Tough shutdown ahead

 

With time nearly running out to reach a budget deal, Governor Mark Dayton’s attorney David Lillehaug said “this is going to be a tough shutdown.”  He was reacting to a judge’s ruling to keep limited state services running.  Lillehaug added “Nobody who reads this order can say it’s a soft landing.” 

The governor was pleased former Justice Kathleen Blatz was appointed as a special master since he had suggested her as a mediator.  Dayton later said in a statement “Let me be clear: I would much prefer to find a fair and balanced budget solution, rather than a government shutdown.  I am continuing to work toward a compromise needed to move forward.” 

“On behalf of the nearly 60,000 Minnesotans and their families who rely on dedicated caregivers for daily care and support, we are relieved by the court’s ruling,” said Gayle Kvenvold, president and CEO of Aging Services of Minnesota. “However, a shutdown will not be pain-free.

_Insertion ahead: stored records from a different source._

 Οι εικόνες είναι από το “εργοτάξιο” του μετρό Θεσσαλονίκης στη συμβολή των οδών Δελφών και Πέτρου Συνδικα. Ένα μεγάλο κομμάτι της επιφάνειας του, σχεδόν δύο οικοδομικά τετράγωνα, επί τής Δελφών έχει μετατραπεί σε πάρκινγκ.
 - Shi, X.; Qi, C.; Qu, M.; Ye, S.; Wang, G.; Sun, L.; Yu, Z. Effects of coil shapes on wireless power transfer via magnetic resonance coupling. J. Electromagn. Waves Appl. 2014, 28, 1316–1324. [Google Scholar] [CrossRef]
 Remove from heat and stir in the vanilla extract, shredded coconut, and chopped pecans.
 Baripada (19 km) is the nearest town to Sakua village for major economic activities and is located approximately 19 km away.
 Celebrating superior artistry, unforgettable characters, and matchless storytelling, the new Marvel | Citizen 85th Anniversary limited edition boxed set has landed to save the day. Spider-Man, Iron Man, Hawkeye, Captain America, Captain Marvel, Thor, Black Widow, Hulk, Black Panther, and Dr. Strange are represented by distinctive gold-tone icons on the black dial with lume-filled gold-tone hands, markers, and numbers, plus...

We need a responsible state budget that will protect Minnesota’s most vulnerable adults.”  

“There is no doubt that cities dodged a major bullet this morning that may have crippled communities” was the reaction from Nancy Carroll Park Rapids Mayor and President of the Coalition of Greater MN Cities.   “It is just as important that the final budget compromise does not impose yet another round of cuts to cities that will result in higher property taxes for families and businesses and make communities less competitive for retaining and growing jobs.”  

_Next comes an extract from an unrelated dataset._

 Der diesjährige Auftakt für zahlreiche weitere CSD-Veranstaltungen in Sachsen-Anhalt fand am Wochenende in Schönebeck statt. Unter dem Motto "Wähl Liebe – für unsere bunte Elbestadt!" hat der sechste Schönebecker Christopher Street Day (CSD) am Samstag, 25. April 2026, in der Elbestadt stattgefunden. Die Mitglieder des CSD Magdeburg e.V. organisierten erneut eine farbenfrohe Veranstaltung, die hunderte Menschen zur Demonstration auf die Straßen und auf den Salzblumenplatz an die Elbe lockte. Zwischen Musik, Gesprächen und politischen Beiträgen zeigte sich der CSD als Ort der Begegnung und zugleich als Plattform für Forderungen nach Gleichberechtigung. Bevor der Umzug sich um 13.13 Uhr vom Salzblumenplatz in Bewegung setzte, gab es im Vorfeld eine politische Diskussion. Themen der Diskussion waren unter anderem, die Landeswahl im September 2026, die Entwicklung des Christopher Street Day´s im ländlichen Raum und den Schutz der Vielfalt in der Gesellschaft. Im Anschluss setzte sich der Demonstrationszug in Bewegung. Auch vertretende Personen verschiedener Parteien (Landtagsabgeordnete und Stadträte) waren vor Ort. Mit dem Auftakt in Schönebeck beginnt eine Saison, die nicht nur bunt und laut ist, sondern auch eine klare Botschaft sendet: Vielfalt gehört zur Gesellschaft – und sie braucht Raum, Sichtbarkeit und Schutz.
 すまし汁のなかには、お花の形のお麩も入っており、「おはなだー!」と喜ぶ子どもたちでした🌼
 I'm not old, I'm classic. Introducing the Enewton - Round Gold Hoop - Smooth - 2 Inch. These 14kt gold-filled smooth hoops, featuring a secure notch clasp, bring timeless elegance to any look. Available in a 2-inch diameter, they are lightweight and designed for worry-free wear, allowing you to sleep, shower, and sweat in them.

“Judge Gearin’s finding confirms what we have always known: that funding for public safety–police officers and firefighters–is essential to our city and our state,” said St. Paul Mayor Chris Coleman.  “This resolution provides a level of certainty that police, firefighters, parks and libraries in Saint Paul will remain operating in the event of a state government shutdown.”

“Faced with the choice of following this constitutional mandate or undermining other sections of the Minnesota Constitution creating the Executive branch, Judge Gearin made the best of a bad situation.” Rep. Ryan Winkler (DFL-Golden Valley) added “She deferred to the Governor’s definition of the core functions of his branch of government, and did not give the special master authority to stray beyond that limited definition.  She respected the separation of powers as best she could.”

Comments (3)

  1. Submitted by Frankie Barbella on 06/30/2011 - 02:22 pm.

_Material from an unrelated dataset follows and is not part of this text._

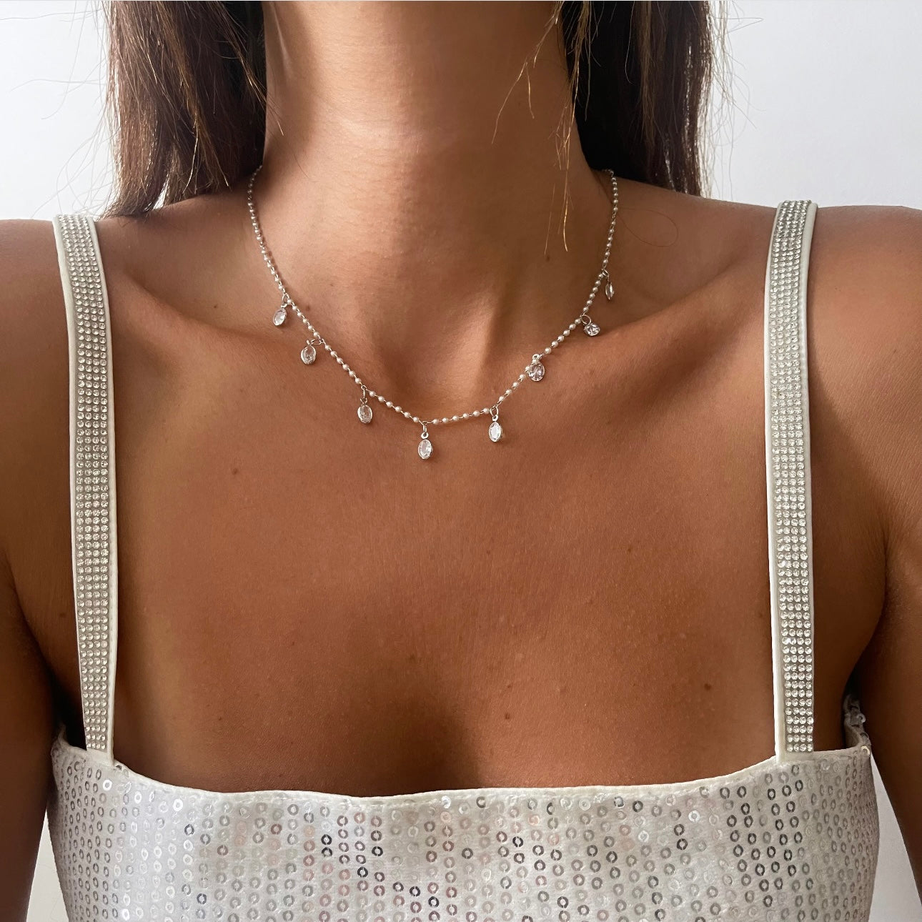 שרשרת שוקר 8 זירקונים טיפות כסף r

    “It is just as important that the final budget compromise does not impose yet another round of cuts to cities that will result in higher property taxes for families and businesses and make communities less competitive for retaining and growing jobs”

    Um, where does the state aid for cities come from? Does this mayor suggest that some cities and their residents need to subsidize other cities? Which is to say, city A needs to assist in paying for services of city B and C. Is this person actually serious?

  2. Submitted by Claire Lundgren on 06/30/2011 - 07:08 pm.

    Barbarella: This would be Obama’s ideal society- Socialistic. Seems it’s OK for somebody else but not in my backyard. Americans need to wake up and see what’s happening.

  3. Submitted by Claire Lundgren on 06/30/2011 - 07:21 pm.

    Meanwhile, I’m not sure people realize what is being killed today. The racing industry represents a $2 billion dollar industry in the state. Closing Canterbury and Running Aces will effectively close the tracks for the rest of the year if the horsemen leave. And, according to state law, if the minimum number of race dates are not run the track will lose its’ card club and simulcasting until after the race 50 some dates are run without those two components. This is all happening because a judge could not understand that the industry ( which funds the MRC entirely and has never cost the state a dime) has already paid the expenses of the MRC for the month of July and is not dependant on the state for funding. It was twice lumped together with other interests, that are not independent nor private, in the past two days. It’s unbelievable and short sighted on the part of the courts. The state just kissed a 2$billion dollar industry and a couple thousand private industry jobs goodbye! I’m sad for Minnesota. The horsemen depend on a cash flow to support their horses. They will find it in states with Racinos.